Materials provided section start

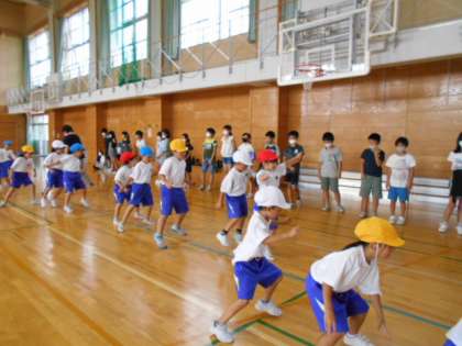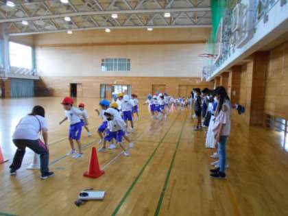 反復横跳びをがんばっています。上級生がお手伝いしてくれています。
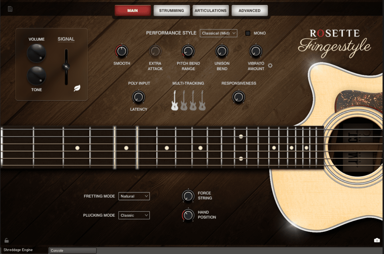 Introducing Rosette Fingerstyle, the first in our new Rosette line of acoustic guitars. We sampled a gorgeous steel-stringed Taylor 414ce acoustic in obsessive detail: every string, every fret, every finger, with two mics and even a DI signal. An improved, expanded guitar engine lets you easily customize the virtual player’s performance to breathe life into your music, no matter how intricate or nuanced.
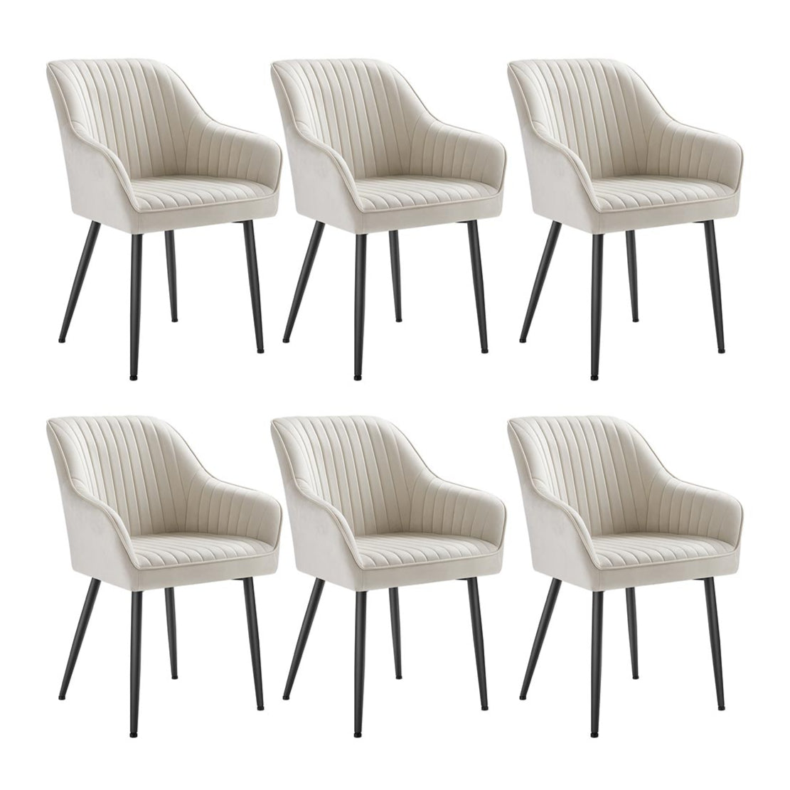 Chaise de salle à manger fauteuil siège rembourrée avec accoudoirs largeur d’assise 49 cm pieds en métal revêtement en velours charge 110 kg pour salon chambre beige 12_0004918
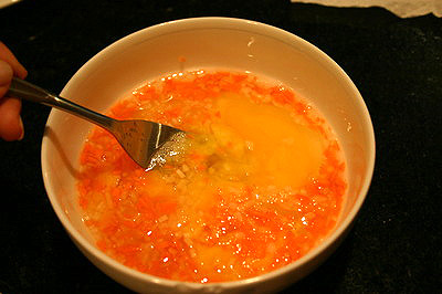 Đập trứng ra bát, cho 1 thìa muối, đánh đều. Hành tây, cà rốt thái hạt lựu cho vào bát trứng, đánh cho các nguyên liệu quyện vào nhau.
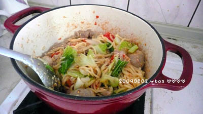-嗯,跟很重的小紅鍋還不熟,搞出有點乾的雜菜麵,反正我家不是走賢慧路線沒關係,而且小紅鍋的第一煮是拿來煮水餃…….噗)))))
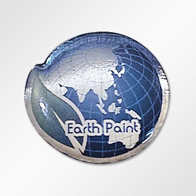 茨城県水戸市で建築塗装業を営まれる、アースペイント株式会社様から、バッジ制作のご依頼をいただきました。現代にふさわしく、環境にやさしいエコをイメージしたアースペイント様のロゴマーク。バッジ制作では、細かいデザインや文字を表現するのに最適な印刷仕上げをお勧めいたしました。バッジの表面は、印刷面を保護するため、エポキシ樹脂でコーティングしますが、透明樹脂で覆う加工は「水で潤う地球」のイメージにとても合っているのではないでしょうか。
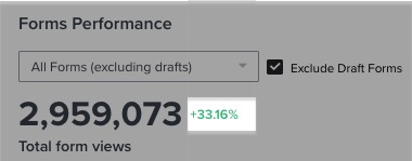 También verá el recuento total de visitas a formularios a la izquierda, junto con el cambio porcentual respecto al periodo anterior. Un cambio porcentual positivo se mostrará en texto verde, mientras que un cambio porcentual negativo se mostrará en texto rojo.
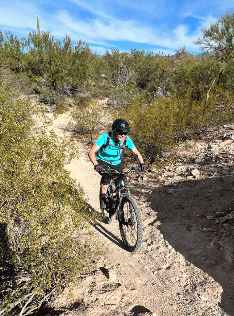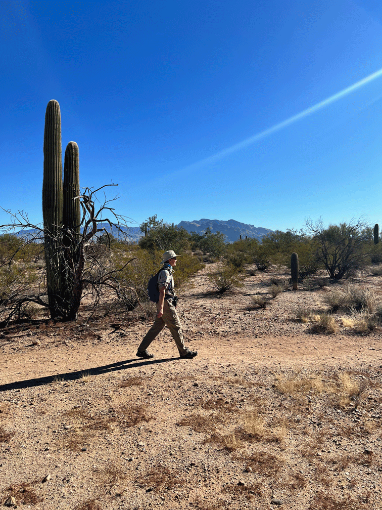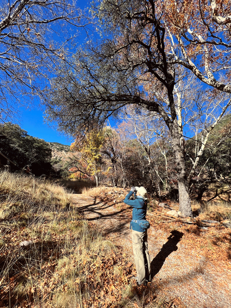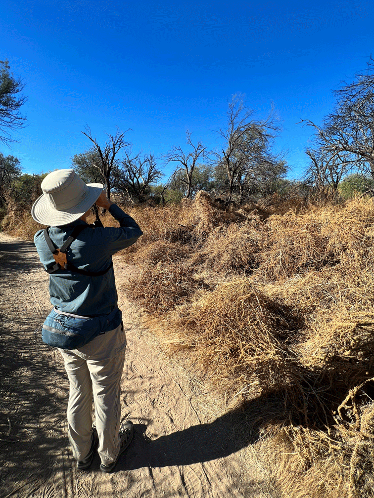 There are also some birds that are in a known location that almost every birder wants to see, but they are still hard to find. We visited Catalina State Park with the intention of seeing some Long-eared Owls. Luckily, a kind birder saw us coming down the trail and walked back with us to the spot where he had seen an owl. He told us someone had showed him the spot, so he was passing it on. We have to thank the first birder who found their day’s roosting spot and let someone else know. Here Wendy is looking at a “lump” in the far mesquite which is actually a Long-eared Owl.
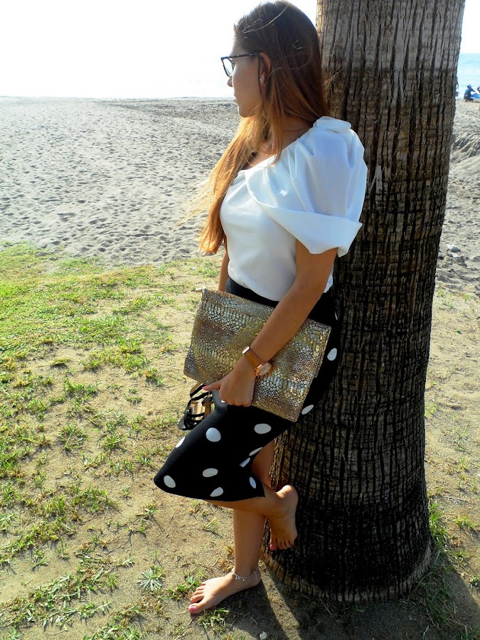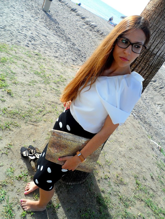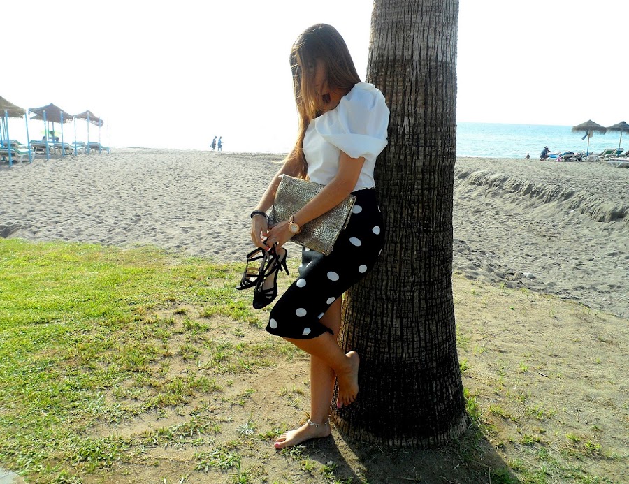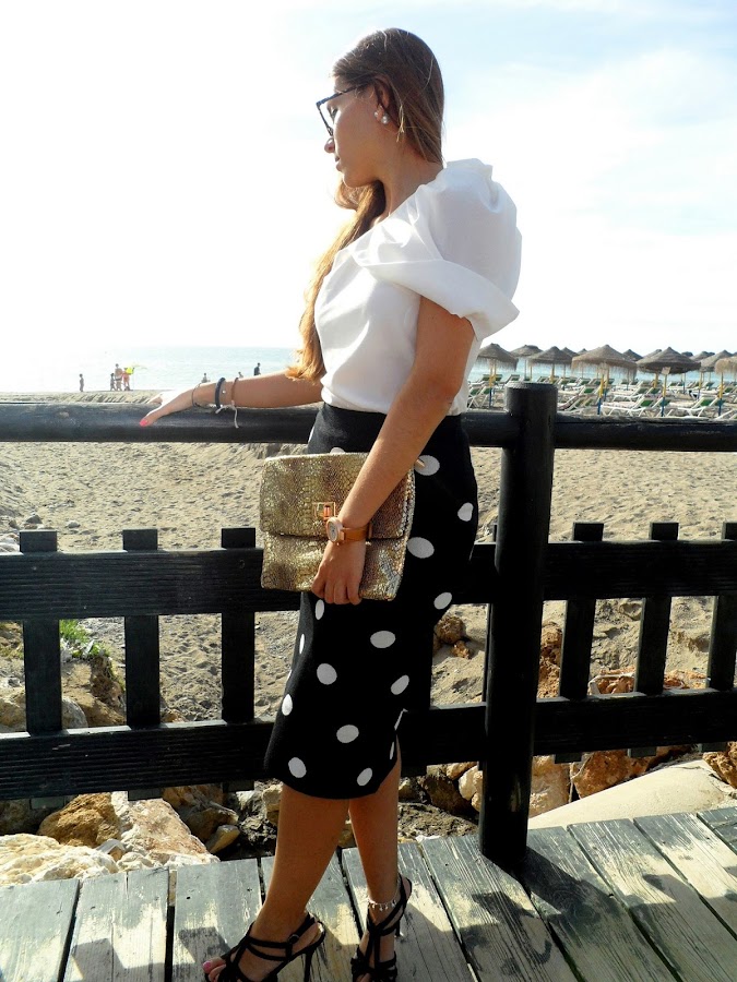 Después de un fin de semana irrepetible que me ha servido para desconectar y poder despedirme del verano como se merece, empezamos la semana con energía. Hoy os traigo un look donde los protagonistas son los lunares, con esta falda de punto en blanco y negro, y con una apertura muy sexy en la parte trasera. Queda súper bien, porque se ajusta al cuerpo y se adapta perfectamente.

Materials provided section end
Materials provided section start

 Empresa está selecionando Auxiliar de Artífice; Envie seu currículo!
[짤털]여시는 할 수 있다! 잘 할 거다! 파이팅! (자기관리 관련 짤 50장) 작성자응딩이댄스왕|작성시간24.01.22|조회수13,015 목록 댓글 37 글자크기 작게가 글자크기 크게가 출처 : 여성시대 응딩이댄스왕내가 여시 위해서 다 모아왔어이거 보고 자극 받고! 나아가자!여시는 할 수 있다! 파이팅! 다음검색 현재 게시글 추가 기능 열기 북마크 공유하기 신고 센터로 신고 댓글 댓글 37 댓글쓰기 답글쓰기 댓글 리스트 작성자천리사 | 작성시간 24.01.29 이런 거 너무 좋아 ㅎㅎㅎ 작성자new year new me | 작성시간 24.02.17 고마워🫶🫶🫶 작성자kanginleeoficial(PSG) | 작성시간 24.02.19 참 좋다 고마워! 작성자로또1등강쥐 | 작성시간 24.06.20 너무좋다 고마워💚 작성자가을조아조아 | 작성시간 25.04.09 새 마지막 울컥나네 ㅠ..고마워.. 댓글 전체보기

Materials provided section end

▶ _Work request_: I would like the exact lines from the data above, starting with the one that holds "También verá el" and going on through the one that holds "Después de un", without the pictures.

▶ _Output_:
 También verá el recuento total de visitas a formularios a la izquierda, junto con el cambio porcentual respecto al periodo anterior. Un cambio porcentual positivo se mostrará en texto verde, mientras que un cambio porcentual negativo se mostrará en texto rojo.
 There are also some birds that are in a known location that almost every birder wants to see, but they are still hard to find. We visited Catalina State Park with the intention of seeing some Long-eared Owls. Luckily, a kind birder saw us coming down the trail and walked back with us to the spot where he had seen an owl. He told us someone had showed him the spot, so he was passing it on. We have to thank the first birder who found their day’s roosting spot and let someone else know. Here Wendy is looking at a “lump” in the far mesquite which is actually a Long-eared Owl.
 Después de un fin de semana irrepetible que me ha servido para desconectar y poder despedirme del verano como se merece, empezamos la semana con energía. Hoy os traigo un look donde los protagonistas son los lunares, con esta falda de punto en blanco y negro, y con una apertura muy sexy en la parte trasera. Queda súper bien, porque se ajusta al cuerpo y se adapta perfectamente.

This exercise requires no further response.